Let $T$ be a (closed) triangle in $\mathbb{R}^{2}$ with edges $I, J, K$. Let $A, B, C$, be closed subsets of $T$, such that $I \subset A, J \subset B, K \subset C$ and $T=A \cup B \cup C$. Prove that $A \cap B \cap C$ is non-empty.

Deduce that there is no continuous map $f: D \rightarrow \partial D$ such that $f(p)=p$ for all $p \in \partial D$, where $D=\left\{(x, y) \in \mathbb{R}^{2}: x^{2}+y^{2} \leqslant 1\right\}$ is the closed unit disc and $\partial D=\left\{(x, y) \in \mathbb{R}^{2}: x^{2}+y^{2}=1\right\}$ is its boundary.
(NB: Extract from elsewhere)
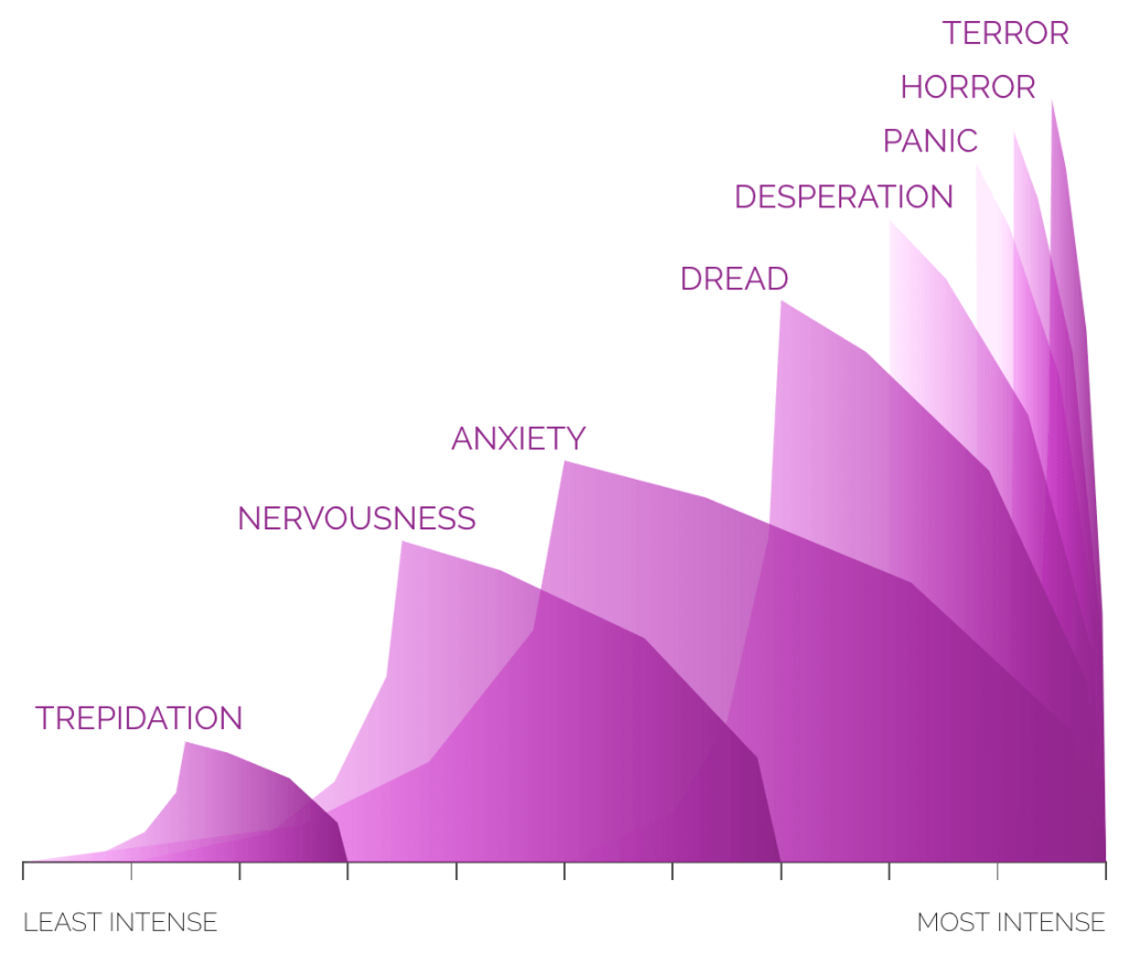 Fear isn’t all or nothing. It’s not a light switch, and it’s not always zero to one hundred in a finger snap. Fear is a continuum, a gradient full of language that can pinpoint our position between chill and terrified. Where we are on that scale also influences how well we cope. The closer we get to terror, the harder it gets to respond effectively. [v]

Let now $\alpha, \beta, \gamma \subset \partial D$ be three closed arcs, each arc making an angle of $2 \pi / 3$ (in radians) in $\partial D$ and $\alpha \cup \beta \cup \gamma=\partial D$. Let $P, Q$ and $R$ be open subsets of $D$, such that $\alpha \subset P$, $\beta \subset Q$ and $\gamma \subset R$. Suppose that $P \cup Q \cup R=D$. Show that $P \cap Q \cap R$ is non-empty. [You may assume that for each closed bounded subset $K \subset \mathbb{R}^{2}, d(x, K)=\min \{\|x-y\|: y \in K\}$ defines a continuous function on $\mathbb{R}^{2}$.]